‘Bang for the Buck’ from a Little Old Truck
His advertising budget is basically nil, but that doesn’t mean that Gary D’Alessandro isn’t getting the word out on Quality Auto Body. Without so much as a Yellow Pages ad, the Holliston, Mass., repairer instead used a truckload of experience and his passionate creativity to turn an old Ford Explorer GT into a curious, moving, marketing machine.
His shop truck is painted in a striking red-and-black color scheme, but the eye-catching qualities don’t end there. The design on the passenger side of the truck is comprised of dozens of dancing flames, stretched from front to back as if contorted by sheer speed. The design on the driver’s side is a pattern that’s also sometimes called flames, but also referred to as “shreds,” “shredded” or “clouds,” D’Alessandro says.
On the wood frame atop the truck-bed sides is painted “Quality Auto Body, Holliston, Mass.”
D’Alessandro picked up the old vehicle in a trade more than 15 years ago.
“A customer came in and he said, ‘I have two vehicles in my driveway and they’re both smashed. Would you accept one vehicle as payment for repairing the other one?’ I said yes,” D’Alessandro recalls. “I had it as my personal vehicle for many years, drove it, pulled the fishing boat around. It kind of got beat up and then it sat for a long time.”
Not one to hoard junk, D’Alessandro’s not one to scrap a vehicle while it’s still good, either. He decided the little truck had a second (or third) life left and took it into the shop. With help from his staff, as well as some muscle from his yearly high-school interns, the shop rebuilt some of the ripe old mechanical components—back to stock, nothing fancy.
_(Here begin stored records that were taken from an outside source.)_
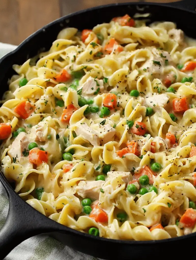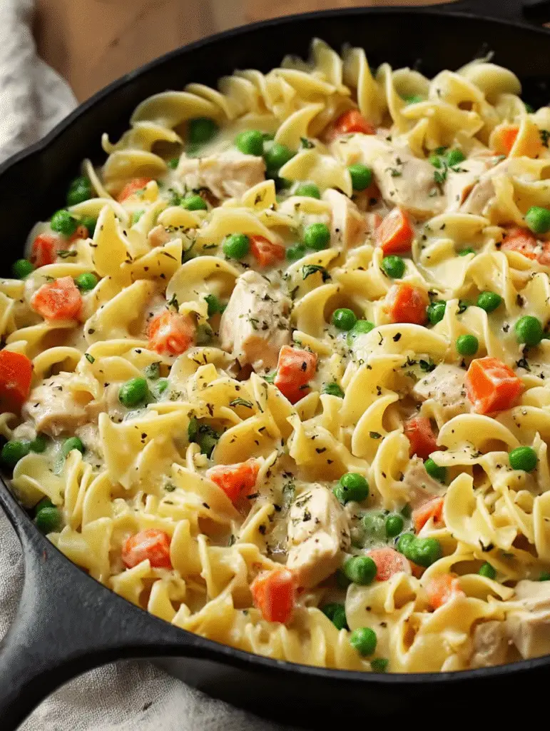 Die Aromen einer klassischen Chicken Pot Pie, aber statt einer Kruste findest du breiten Eiernudeln, die die cremige Sauce aufnehmen. Zartes Hähnchen, Erbsen und Karotten in einer samtigen Sahnsauce – alles in einer Pfanne. Ein herzhaftes, gemütliches Gericht, das nach Komfortküche schmeckt und doch schnell & unkompliziert gelingt.
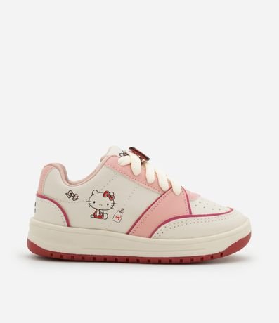 Tênis infantil com cano curto, cadarço para amarração, recortes coloridinhos e carinha da Hello Kitty.
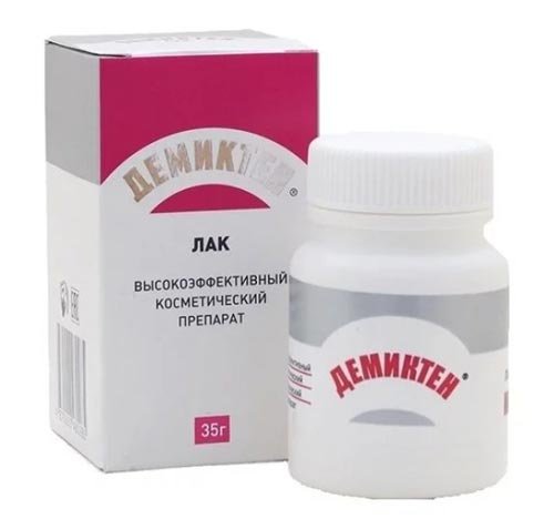 Među lakovima protiv gljivica noktiju, “Demicten” zauzima posebno mjesto. Ovaj alat je pogodan čak i za djecu i trudnice, jer proizvedene na prirodnoj osnovi. Nanosi se u malim količinama na nokte, stopala i kožu, stvarajući zaštitni film.On služi kao barijera protiv infekcija i bakterija. Učinak laka temelji se na aktivaciji rasta zdravih stanica i stimulaciji imuniteta.
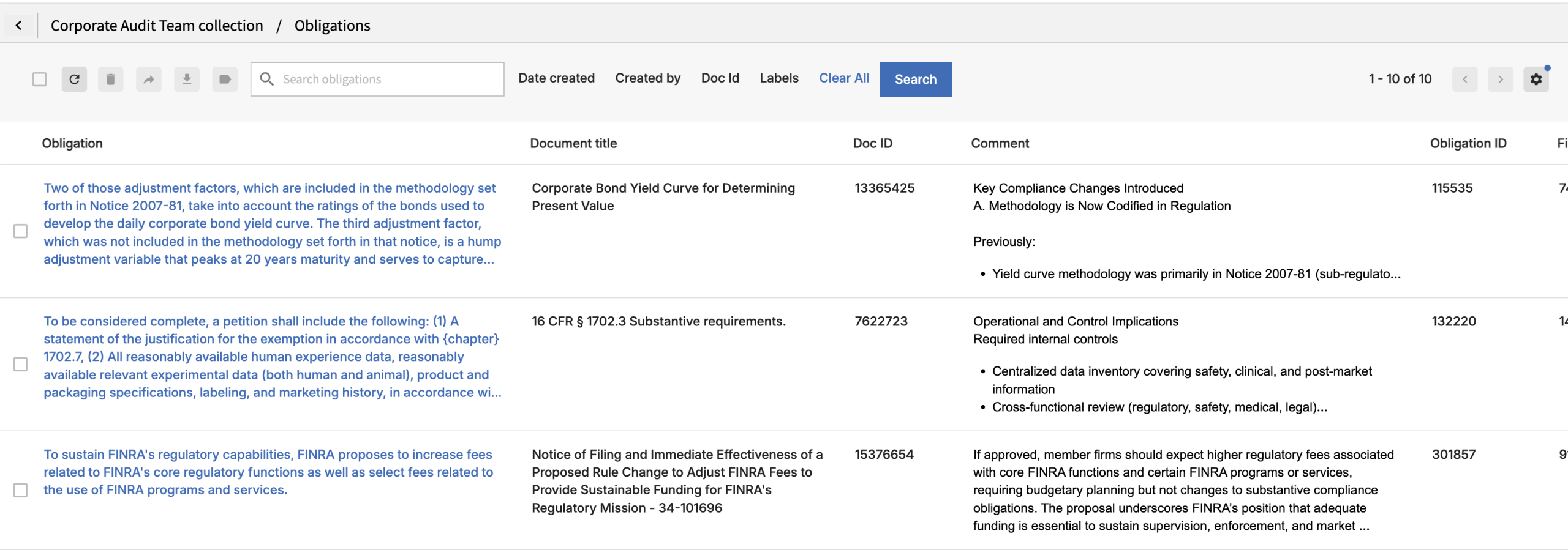 • Obligation Library: Upgraded the obligation view to increase the amount of visible text for obligation, comments, and other potentially lengthy text fields.

That was reserved for the outside.
Quality Auto Body didn’t have a dedicated vehicle before this one, so the little Ford Explorer GT became the inaugural canvas for a paint job that would let the collision repair shop show off even more of what it could do.
“We do some restoration and some custom building of hot rods, so I wanted to get the most bang for the buck,” D’Alessandro says. “And I’m also easily bored, I guess. ...”
He also knew that it could be difficult for customers to visualize something different for their personal vehicles or for their showpieces, so he designed the truck with a goal of giving it to them in living color.
“I think that if you want people to take a chance on this kind of stuff, they’ve got to be able to look at it,” says D’Alessandro. “You can do some drawings on a piece of paper or whatever, but if you bring out something with a finished product on it, people can look at it and touch it and such. It’s way better.”
When the Massachusetts weather is good, D’Alessandro uses the vehicle to go to the bank, to get lunch or to pick up parts. “And then I also show it,” he says. “I take it to cruise nights and occasionally to shows, not so much to be judged, but to participate and to get the name of the business around.”
He doesn’t spend any money on advertising and hasn’t for a long time. “I don’t know if that’s wise, but I think these things are better,” D’Alessandro says. “These things, I believe, work better for me—sponsoring Little League teams, football and hockey … Yellow Pages, I’m sure they had their place, but where I’m located, the next town to my east is in another county, the next town to my south is in another county, so they’re different phone books. You’d go broke.”
With his marketing-on-wheels, however, he can drive the truck across town lines and to baseball games with teams and spectators from all of the neighboring towns.
IT’S FUN, TOO
Like most places, D’Alessandro says, garage keeper’s liability in Massachusetts costs a tremendous amount of money, but you can run a vehicle on your repair plate legally if it is lettered in a certain way.
“So we kind of get some of the money back by not having to pay additional insurances on that because it’s got the name and the address of the company on it,” D’Alessandro says. “That’s what’s done here in Massachusetts.”
Not only does it get good gas mileage, but the vehicle also is a colorful showcase of what the talented staff at the autobody shop can do.
“People want stuff done to their car, but the automotive hobby is very expensive, and these cars become very dear with people,”
D’Alessandro says. “Most people don’t have car after car after car; they maybe get one or two, and the decision to do something with it is pretty important.”
The shop owner says that the truck continues to meet a lot of needs for the shop. He also will be the first to tell you that autobody and creative painting like the two-faced design of the truck isn’t really work—in fact, despite how time-consuming the tasks involved can be, it’s a plain old good time.
“It’s like I get to justify having a lot of fun by saying it’s part of my business,” D’Alessandro adds. “It’s fun to do this.”